We predict that the newer IVM sites will exhibit directional change in the bee communities over time (in addition to seasonal changes) as these sites are undergoing rapid ecological succession. Results of the Canonical Correspondence Analysis showed differences between all site types, with the first CCA axis clearly separating sites managed for the longest time (IVM_old) from the others (CCA randomization test, p < 0.001), and the second axis separating IVM_new from mowed Control sites. When performed by year, the separation of IVM_new from Control sites was much clearer in 2012 than 2011 (Fig. 4a, b), as predicted by the hypothesis of rapid initial divergence through succession. Repeating the analyses of richness and abundance data from Hypothesis 1, but using data only from 2011, the significant predictors were the same as for both years combined, except that there was no longer a significant interaction between month and treatment in predicting richness, likely because the effect of treatment itself on richness was now negligible. Treatment still affected bee abundance (F6,101 = 17.4; p ≪ 0.0001). In 2012, month was again a significant predictor of richness (F2,110 = 29.5, p ≪ 0.0001) and abundance (F2,110 = 27.193, p ≪ 0.0001), but this time so was treatment, with IVM sites hosting greater numbers of species (F2,110 = 6.96, p = 0.00144) and individuals (F2,110 = 6.52, p = 0.00213). There were no significant interactions between month and treatment. It seems likely that changes in the IVM_new sites were driving this pattern, as we would expect IVM_old to be in a much less dynamic state (having been managed with IVM for many decades). To explore this idea, we combined the data across months to calculate total richness and abundance by transect for each year. This time performing a 1-way GLM ANOVA separately for 2011 and 2012, we saw that the small differences in richness and abundance between treatments and controls apparent in 2011 became significant only in 2012 (2011 Richness: F1,14 = 0.103, p = 0.753; 2012 Richness: F1,14 = 6.876, p = 0.019; 2011 Abundance: F1,15 = 0.319, p = 0.5812; 2012 Abundance: F1,15 = 7.545, p = 0.015). Taken together, these results show a progressive divergence of bee communities once IVM treatment begins, with increases in both richness and abundance detectable after 2 years.
Fig. 4

Graphical results of the Canonical Correspondence Analysis on bee species collected in Maryland by treatment type in 2011 (a) 2012 (b). Each symbol is data from a single site and symbol type (circle, triangle, star) represents treatment type. IVM_new refers to sites for which integrated vegetation management had been implemented in 2009. IVM_old refers to sites for which integrated vegetation management had been in place for over three decades. Control refers to sites under standard company management, in this case, annual mowing. Although statistically significant in both cases (p < 0.001), the degree of overlap across the axes appears to decrease between 2011 and 2012, illustrating the divergence of the Control and IVM_new sites

Trait correlations

Associations between species traits as quantified by Cramér’s V ranged from 0.133 (nest preference and specialization), which is very low, to 0.45 (specialization and body size), which is moderate (all values are shown in Supplemental Materials: Appendix 3). In fact, the relatively moderate but consistent association between body size and other traits is typical of data from across the animal kingdom (Peters 1983), but none of the associations here were strong enough to make a trait redundant.

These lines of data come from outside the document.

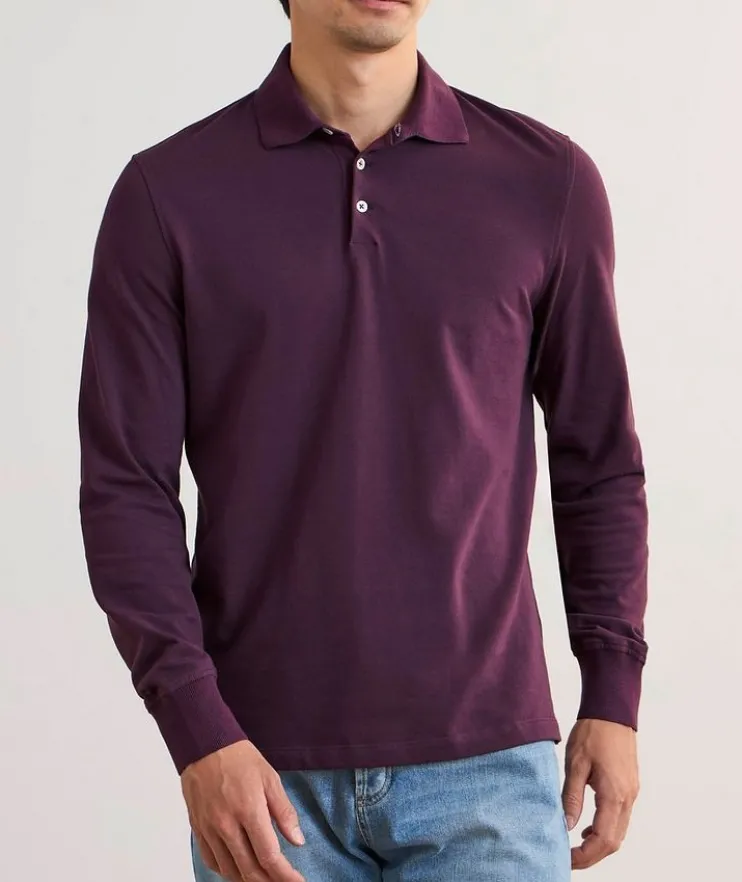 - Designed to offer you extra softness and breathability, this polo shirt is cut from a solid piqué jersey combined with a classic button fastening and long-sleeve silhouette. Soft ribbed trim completes the effortlessly stylish staple.
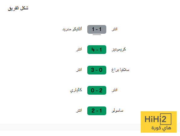 فيما يلي نتائج الإنتر خلال أخر 5 مباريات:
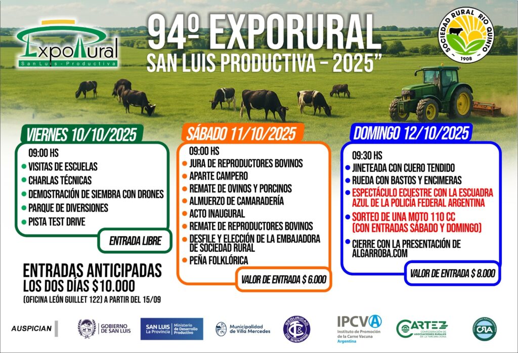 La pasión por el campo vuelve a latir en Villa Mercedes. Este fin de semana largo del 10 al 12 de octubre, la Sociedad Rural Río Quinto abre nuevamente sus puertas para celebrar la 94° Expo Rural San Luis Productiva 2025, uno de los eventos más esperados del año, donde se mezclan la tradición, la tecnología, la familia y el espíritu emprendedor de nuestra tierra.

The method in which vegetation under transmission lines is managed clearly impacts the resident bee communities. In areas that have been managed in an integrated way—with topping of tall vegetation and selective extraction of tall growing species and problematic invasive species—richness of wild bees is higher and bees are more abundant (Fig. 1). Clearly, when IVM is practiced in the long run, as it has been in the Patuxent Wildlife Research Center, the bee community flourishes and includes rare and unique species, as well as species that make use of the greater diversity of nesting habitats available (Fig. 4). Russell and colleagues (2005) demonstrated that these areas had higher bee richness than mowed areas on the reserve itself, though the mowed areas were not directly comparable due to the fact that they were not part of the easement. The study detailed here complements this work by showing that the IVM-managed sites on PWRC do, in fact, provide superior habitat for wild bees compared with other nearby easements managed with the more traditional method of episodic mowing.

Interestingly, even after a few years of alternative management, changes in the bee communities become statistically significant as the vegetation begins to diverge from those areas managed through episodic mowing. Analyses show that these areas are diverging from control sites (mowed areas) in terms of richness, abundance and species identity (Fig. 4). This is likely due to the combined effect of an increase in floral diversity and abundance, as well as an increase in potential nesting habitat. Lonsdorf and colleagues (2009), in developing their model of pollination services across agricultural landscapes, found that their model’s predictions depended largely on the availability of nesting and floral resources. Although it was beyond the scope of this study to quantify floral abundance throughout the season beyond anecdotal observations, other studies have shown a significant correlation between bee and plant diversity (Ebeling et al. 2008, 2012; Frund et al. 2010; Potts et al. 2003) therefore we expect that floral resources are a likely contributor to the high diversity of bees found at the IVM sites. Less well documented is the significance of nesting substrate diversity as a determinant of bee species richness. A study by Steffan-Dewenter and Schiele (2008) comes the closest to demonstrating nest-site limitation in a population of a solitary bee, Osmia rufa (now synonymized with O. bicornis), but community-level studies of this nature have yet to be carried out. However, those relating potential nest site availability to bee richness have found similar evidence for bottom-up influences on community structure (Grundel et al. 2010; Potts et al. 2005).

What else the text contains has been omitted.